◆ Aim of the exercise:
Please tally the lines below that contain the string "have" and reply with that figure only.
───── Exercise data
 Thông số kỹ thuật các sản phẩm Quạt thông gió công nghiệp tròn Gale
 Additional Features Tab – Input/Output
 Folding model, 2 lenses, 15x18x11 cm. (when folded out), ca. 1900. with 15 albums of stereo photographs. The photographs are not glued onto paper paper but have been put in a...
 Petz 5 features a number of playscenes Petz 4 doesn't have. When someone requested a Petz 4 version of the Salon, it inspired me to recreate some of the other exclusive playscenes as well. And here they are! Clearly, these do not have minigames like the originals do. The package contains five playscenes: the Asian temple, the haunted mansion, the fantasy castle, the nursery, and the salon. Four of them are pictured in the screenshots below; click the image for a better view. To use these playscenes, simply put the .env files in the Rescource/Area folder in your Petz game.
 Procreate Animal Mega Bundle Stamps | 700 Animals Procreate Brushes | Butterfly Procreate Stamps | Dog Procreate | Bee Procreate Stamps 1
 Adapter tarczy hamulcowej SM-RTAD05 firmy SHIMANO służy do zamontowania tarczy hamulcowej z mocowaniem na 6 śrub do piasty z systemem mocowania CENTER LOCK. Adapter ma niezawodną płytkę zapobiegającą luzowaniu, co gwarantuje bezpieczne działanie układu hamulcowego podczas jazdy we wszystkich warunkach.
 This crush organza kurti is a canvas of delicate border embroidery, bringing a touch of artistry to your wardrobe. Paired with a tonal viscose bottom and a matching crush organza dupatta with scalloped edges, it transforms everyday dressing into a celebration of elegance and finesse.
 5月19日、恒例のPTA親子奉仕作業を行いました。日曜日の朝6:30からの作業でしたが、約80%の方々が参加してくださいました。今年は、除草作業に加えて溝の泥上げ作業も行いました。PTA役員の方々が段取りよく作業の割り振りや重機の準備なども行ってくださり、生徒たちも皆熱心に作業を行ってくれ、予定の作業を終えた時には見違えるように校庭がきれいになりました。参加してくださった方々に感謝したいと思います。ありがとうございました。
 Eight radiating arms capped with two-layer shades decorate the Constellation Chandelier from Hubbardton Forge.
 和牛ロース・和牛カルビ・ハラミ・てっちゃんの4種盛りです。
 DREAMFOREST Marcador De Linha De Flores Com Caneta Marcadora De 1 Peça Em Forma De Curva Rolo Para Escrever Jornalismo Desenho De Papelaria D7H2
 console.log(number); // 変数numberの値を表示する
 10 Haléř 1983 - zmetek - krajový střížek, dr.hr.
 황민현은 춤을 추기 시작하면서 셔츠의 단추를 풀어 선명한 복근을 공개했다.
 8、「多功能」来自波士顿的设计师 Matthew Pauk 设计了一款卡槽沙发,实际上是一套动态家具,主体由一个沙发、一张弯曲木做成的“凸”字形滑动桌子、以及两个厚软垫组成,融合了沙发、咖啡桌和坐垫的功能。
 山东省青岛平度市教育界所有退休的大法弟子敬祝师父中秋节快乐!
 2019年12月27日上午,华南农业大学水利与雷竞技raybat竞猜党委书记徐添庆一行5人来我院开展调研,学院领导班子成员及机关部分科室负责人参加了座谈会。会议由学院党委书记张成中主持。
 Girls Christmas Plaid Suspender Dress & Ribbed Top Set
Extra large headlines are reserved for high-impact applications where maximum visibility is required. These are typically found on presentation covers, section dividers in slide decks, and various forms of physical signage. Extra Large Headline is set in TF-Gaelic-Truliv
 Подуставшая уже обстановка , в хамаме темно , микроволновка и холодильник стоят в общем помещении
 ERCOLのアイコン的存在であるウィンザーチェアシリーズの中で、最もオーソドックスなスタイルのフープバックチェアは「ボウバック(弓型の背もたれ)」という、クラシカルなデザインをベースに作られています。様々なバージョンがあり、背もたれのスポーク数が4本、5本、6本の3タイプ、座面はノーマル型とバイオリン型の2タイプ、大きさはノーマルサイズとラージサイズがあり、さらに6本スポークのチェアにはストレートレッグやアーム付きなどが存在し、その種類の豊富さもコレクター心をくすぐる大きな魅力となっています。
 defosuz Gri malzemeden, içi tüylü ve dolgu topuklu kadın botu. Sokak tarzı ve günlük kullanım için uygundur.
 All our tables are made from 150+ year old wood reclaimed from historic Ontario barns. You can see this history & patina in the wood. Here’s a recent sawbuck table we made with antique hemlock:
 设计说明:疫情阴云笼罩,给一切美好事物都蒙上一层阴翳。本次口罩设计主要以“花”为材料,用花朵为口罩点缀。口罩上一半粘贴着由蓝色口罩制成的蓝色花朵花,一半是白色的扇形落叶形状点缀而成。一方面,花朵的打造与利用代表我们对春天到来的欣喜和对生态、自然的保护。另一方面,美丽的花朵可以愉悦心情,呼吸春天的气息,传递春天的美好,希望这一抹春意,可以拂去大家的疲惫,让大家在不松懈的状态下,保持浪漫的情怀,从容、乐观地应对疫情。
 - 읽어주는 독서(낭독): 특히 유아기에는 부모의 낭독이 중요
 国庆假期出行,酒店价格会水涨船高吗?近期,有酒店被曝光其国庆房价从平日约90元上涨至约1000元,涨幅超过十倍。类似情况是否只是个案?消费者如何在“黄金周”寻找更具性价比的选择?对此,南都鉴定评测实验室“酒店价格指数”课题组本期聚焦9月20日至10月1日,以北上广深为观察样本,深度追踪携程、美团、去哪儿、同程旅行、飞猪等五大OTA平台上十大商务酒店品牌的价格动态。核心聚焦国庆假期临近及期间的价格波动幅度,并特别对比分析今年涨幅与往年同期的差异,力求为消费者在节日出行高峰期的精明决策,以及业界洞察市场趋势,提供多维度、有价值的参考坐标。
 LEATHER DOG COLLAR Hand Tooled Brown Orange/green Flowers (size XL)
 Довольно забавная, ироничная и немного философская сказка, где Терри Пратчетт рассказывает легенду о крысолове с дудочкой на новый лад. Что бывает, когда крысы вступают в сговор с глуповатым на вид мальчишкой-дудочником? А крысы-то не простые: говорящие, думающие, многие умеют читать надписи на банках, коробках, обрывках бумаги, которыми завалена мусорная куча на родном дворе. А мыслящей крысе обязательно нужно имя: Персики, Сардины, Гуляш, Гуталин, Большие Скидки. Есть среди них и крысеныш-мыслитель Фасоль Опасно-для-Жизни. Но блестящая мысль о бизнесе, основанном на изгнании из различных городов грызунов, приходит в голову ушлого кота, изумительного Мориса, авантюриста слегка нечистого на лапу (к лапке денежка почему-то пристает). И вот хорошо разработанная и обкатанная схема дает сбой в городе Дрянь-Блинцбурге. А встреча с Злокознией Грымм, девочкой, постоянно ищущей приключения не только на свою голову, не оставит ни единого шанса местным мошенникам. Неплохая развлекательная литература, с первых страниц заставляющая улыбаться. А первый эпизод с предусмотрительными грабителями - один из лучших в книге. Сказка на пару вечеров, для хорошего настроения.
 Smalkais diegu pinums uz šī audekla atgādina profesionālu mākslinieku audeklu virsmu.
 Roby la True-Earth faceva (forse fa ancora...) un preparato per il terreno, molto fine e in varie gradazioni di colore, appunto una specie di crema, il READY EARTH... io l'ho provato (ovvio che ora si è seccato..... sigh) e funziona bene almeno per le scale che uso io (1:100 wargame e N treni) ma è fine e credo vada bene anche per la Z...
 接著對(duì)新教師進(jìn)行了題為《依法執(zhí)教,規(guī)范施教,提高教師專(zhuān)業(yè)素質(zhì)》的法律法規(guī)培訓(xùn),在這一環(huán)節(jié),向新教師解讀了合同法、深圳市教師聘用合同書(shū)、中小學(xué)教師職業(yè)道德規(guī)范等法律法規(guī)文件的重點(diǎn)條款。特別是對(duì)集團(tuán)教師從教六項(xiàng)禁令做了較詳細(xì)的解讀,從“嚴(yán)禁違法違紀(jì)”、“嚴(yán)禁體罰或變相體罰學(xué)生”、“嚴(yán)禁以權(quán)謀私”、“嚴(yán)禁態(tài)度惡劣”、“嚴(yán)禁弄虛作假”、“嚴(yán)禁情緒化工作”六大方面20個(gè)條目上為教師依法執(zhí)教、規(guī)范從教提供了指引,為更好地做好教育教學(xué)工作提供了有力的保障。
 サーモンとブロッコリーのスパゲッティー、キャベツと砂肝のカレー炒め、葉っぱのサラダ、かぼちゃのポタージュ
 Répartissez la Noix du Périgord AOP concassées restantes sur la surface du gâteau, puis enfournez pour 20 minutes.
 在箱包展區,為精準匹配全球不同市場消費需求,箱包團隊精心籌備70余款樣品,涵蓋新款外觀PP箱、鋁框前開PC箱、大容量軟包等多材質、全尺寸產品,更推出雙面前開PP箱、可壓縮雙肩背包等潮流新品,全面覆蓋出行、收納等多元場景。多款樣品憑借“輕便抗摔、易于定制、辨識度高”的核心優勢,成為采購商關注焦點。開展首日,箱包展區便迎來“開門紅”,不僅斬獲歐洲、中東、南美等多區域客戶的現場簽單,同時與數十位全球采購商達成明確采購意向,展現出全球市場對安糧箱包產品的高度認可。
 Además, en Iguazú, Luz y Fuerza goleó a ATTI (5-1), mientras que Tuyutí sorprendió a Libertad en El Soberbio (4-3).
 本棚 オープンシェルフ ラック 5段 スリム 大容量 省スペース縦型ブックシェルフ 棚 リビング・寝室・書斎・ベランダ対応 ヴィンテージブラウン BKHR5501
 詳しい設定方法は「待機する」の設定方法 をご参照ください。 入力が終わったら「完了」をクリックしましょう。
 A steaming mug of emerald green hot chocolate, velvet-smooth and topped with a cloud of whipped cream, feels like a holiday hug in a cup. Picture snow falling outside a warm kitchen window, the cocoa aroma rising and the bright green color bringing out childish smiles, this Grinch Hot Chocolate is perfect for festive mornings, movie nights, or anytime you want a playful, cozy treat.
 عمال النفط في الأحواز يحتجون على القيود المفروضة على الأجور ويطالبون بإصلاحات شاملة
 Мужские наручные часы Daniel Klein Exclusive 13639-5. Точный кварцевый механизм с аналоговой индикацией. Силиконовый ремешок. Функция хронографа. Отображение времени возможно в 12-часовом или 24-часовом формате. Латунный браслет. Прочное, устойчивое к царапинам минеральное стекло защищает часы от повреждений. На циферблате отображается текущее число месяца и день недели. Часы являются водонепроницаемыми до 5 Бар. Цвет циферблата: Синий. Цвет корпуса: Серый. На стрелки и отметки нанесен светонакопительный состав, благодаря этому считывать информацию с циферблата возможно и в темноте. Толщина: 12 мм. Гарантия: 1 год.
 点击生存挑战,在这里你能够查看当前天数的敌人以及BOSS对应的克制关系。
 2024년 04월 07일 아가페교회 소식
──────────
◆ Task answer:
2